Some states are moving to not only legalize marijuana but to also bar drug screening in employment for its use. For example, Nevada is one of these states. Beginning next year, most employers in the State of Nevada will not be able to turn down a job applicant solely for failing a marijuana drug test. This is the result of new state law, Nevada Assembly Bill 132, which will become effective on January 1, 2020. There is some discussion that a similar law will also be coming to Colorado and a number of other jurisdictions soon. Other jurisdictions such as New York City, Maine and the District of Columbia have also enacted similar laws.
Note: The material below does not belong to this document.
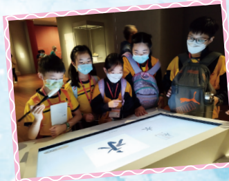
在展館內，同學都搖身一變，成為小小書法家。

Nevada’s New Marijuana Drug Testing Law
The new marijuana-related employment law will not bar employers from testing job applicants for marijuana usage, and it will not stop them from refusing to hire applicants that test positive for other drugs. There are some exceptions to the new law.
It does not apply to physicians, emergency medical technicians, firefighters or those that have job requirements involving driving and in positions which could adversely affect the safety of others. A copy of the new law can be found here. It is likely to be the first of many similar laws that are enacted in states that have legalized marijuana usage.
Virginia Still Criminalizes Marijuana Use – Change is Slow
While Nevada and other states have moved forward with decriminalizing marijuana usage and beginning to bar employment-related drug screening, Virginia still criminalizes marijuana usage. Furthermore, there is not yet a medical marijuana usage law in place.
Virginia employers remain able to terminate employees for testing positive for or using marijuana. Attorney General Mark Herring recently suggested changing these laws, which could be the start of a long process in Virginia. The first step in Virginia will be to decriminalize marijuana and then changes to employment law will ultimately follow.
Federal Marijuana Law – Change is Even Slower
Individuals should keep in mind that even as these states legalize certain drugs, these state laws have no effect on federal criminal drug laws barring usage. Furthermore, federal employees and security clearance applicants/holders are still barred and can be fired for marijuana usage.
I strongly believe that the federal government will likely change these laws in the next 5-10 years. For federal security clearance holders, marijuana usage will likely be reduced to an abuse standard, like with alcohol, but at present federal employees and security clearance holders can lose their security clearances with even one-time use in a state or jurisdiction that has legalized marijuana.